─── INFORMATION PROVIDED ───

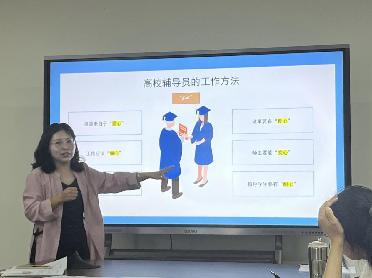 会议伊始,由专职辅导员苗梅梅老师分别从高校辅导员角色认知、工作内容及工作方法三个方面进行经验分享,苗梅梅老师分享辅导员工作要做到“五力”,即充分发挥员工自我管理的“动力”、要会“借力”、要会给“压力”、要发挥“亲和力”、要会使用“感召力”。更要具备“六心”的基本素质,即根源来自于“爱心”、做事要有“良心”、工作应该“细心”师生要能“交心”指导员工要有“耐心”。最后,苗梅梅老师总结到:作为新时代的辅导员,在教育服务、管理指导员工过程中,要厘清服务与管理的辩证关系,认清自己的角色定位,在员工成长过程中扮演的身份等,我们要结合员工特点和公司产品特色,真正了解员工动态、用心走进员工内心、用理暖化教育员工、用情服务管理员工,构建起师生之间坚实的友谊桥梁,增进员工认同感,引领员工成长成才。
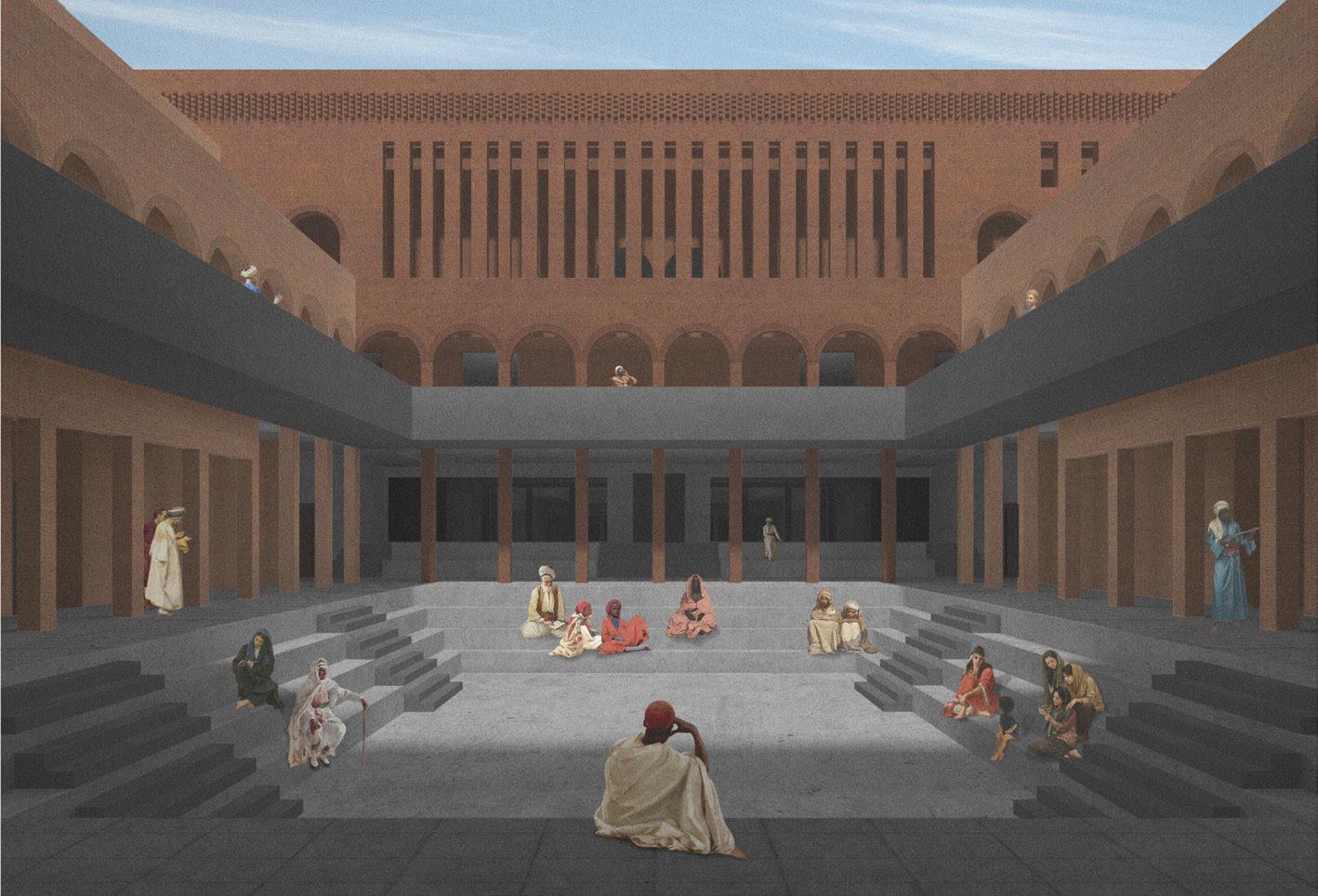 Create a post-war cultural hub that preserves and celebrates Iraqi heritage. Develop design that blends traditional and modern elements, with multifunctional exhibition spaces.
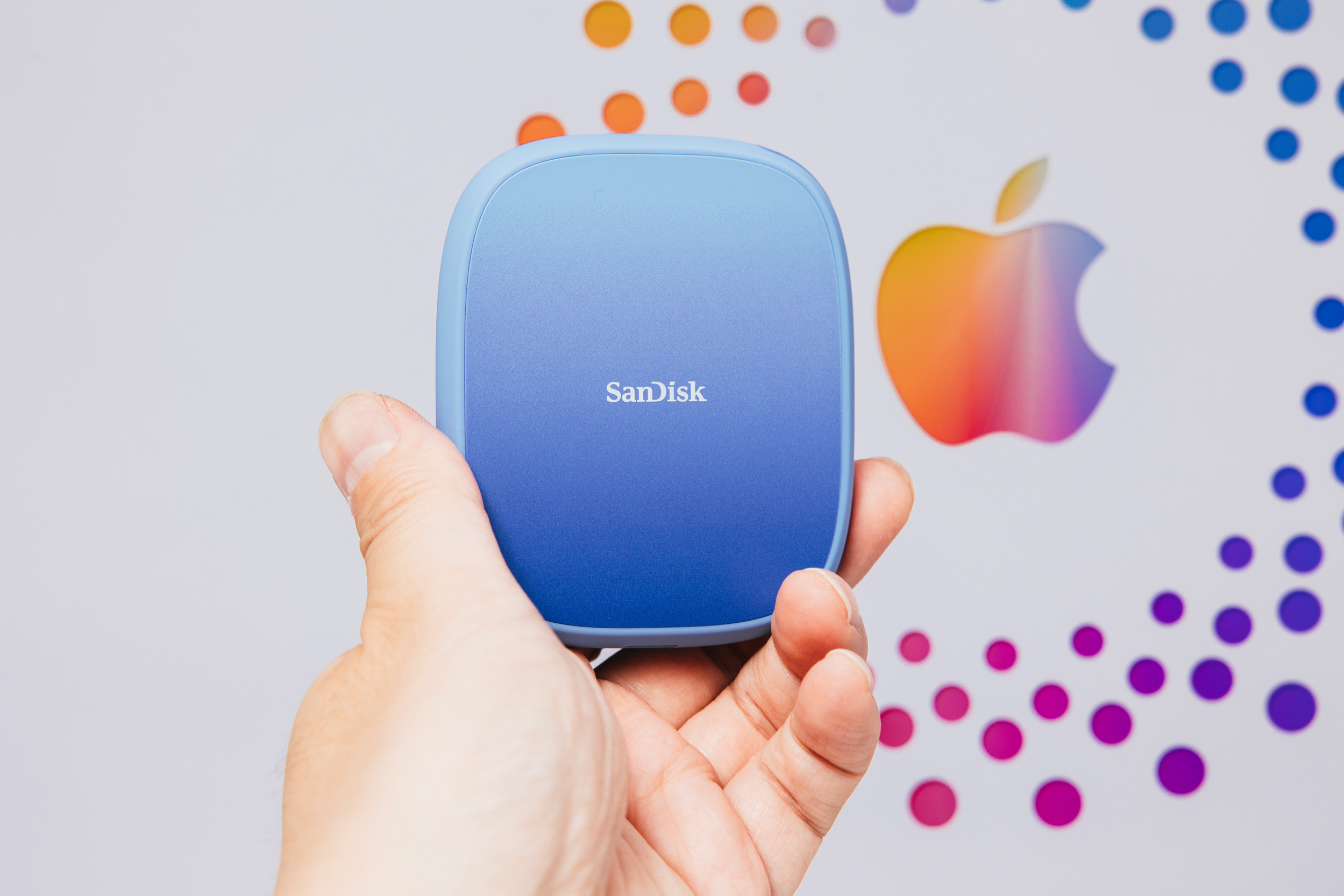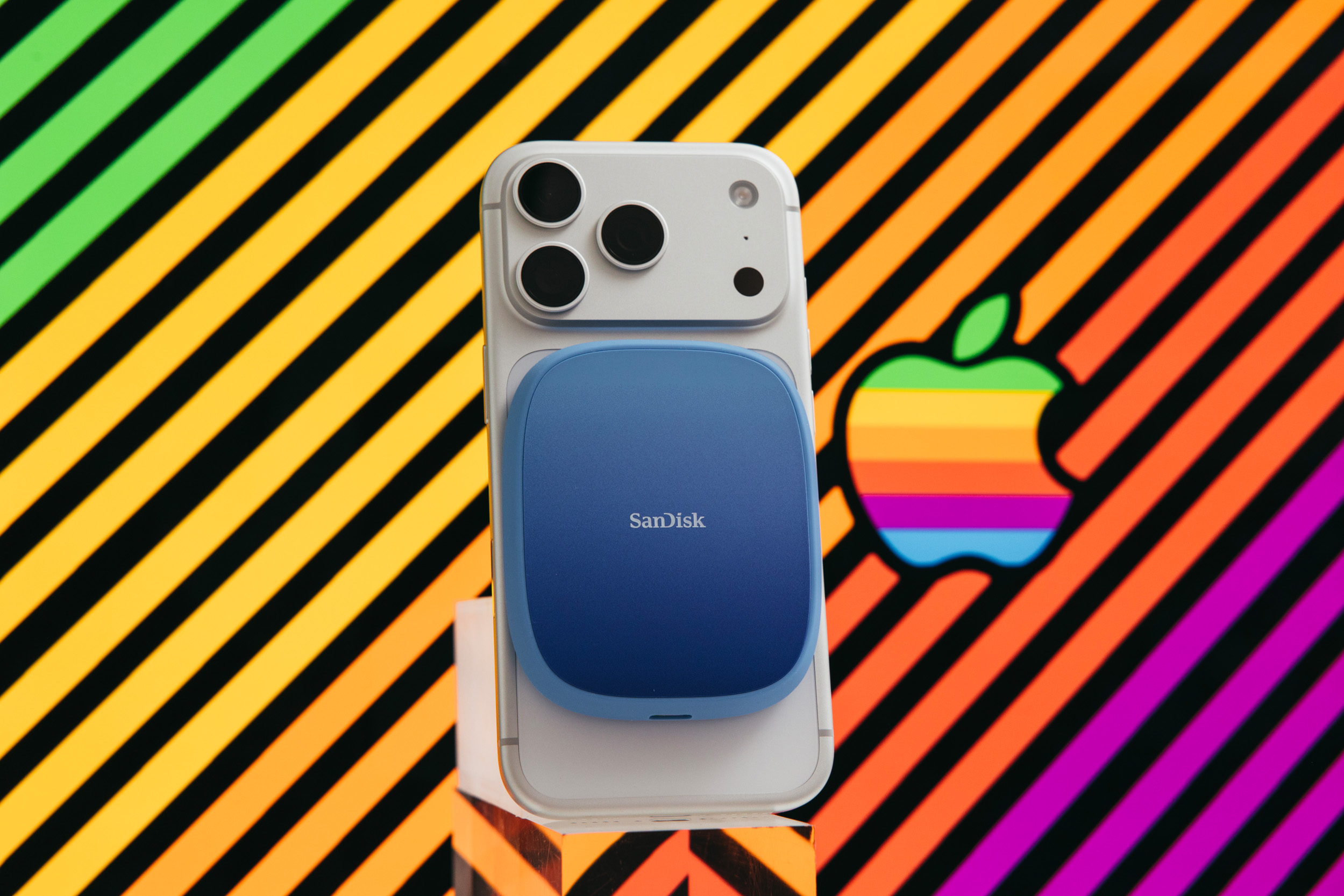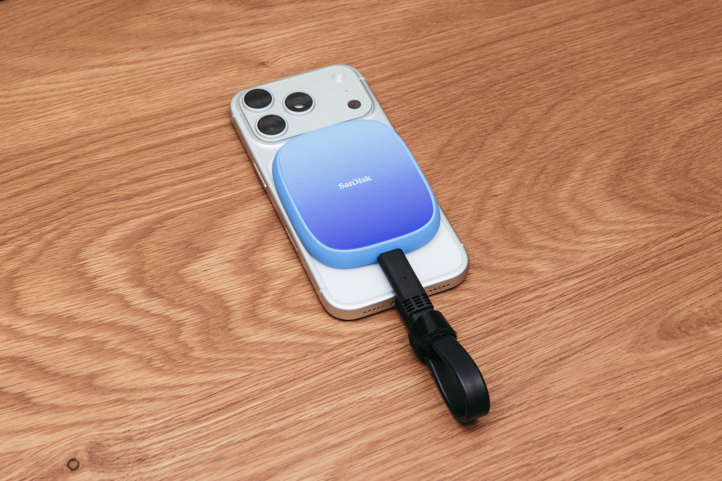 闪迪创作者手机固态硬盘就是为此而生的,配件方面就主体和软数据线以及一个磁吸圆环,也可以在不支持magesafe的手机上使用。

───
─── INFORMATION PROVIDED ───

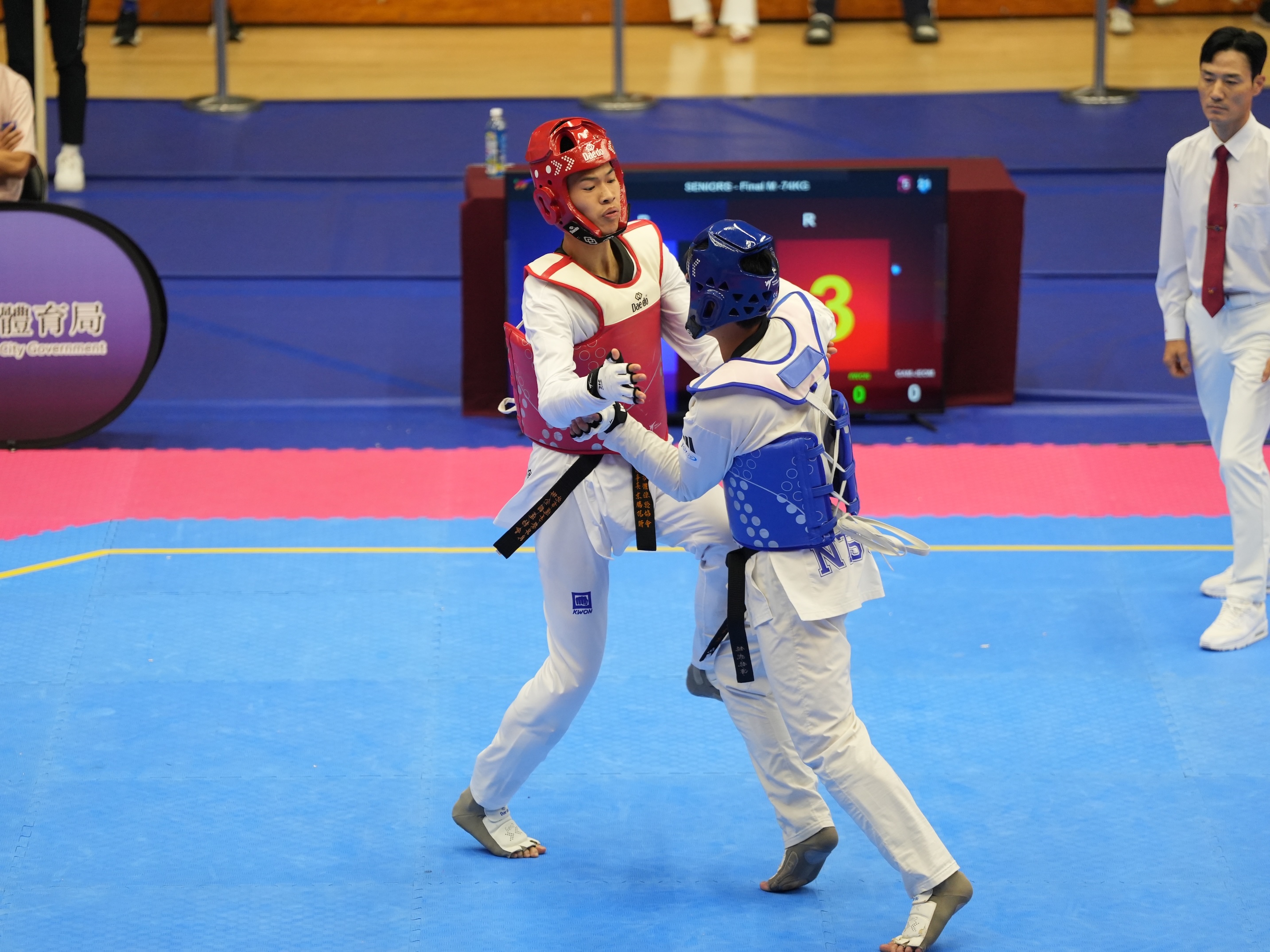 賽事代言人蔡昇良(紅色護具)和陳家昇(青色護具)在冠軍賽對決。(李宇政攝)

───

TASK DIRECTIONS: Above are the records; return the lines in them from the one with "会议伊始,由专职辅导员苗梅梅" to the one with "闪迪创作者手机固态硬盘就是为", inclusive, exactly and without images.

ANSWER AREA:
 会议伊始,由专职辅导员苗梅梅老师分别从高校辅导员角色认知、工作内容及工作方法三个方面进行经验分享,苗梅梅老师分享辅导员工作要做到“五力”,即充分发挥员工自我管理的“动力”、要会“借力”、要会给“压力”、要发挥“亲和力”、要会使用“感召力”。更要具备“六心”的基本素质,即根源来自于“爱心”、做事要有“良心”、工作应该“细心”师生要能“交心”指导员工要有“耐心”。最后,苗梅梅老师总结到:作为新时代的辅导员,在教育服务、管理指导员工过程中,要厘清服务与管理的辩证关系,认清自己的角色定位,在员工成长过程中扮演的身份等,我们要结合员工特点和公司产品特色,真正了解员工动态、用心走进员工内心、用理暖化教育员工、用情服务管理员工,构建起师生之间坚实的友谊桥梁,增进员工认同感,引领员工成长成才。
 Create a post-war cultural hub that preserves and celebrates Iraqi heritage. Develop design that blends traditional and modern elements, with multifunctional exhibition spaces.
 闪迪创作者手机固态硬盘就是为此而生的,配件方面就主体和软数据线以及一个磁吸圆环,也可以在不支持magesafe的手机上使用。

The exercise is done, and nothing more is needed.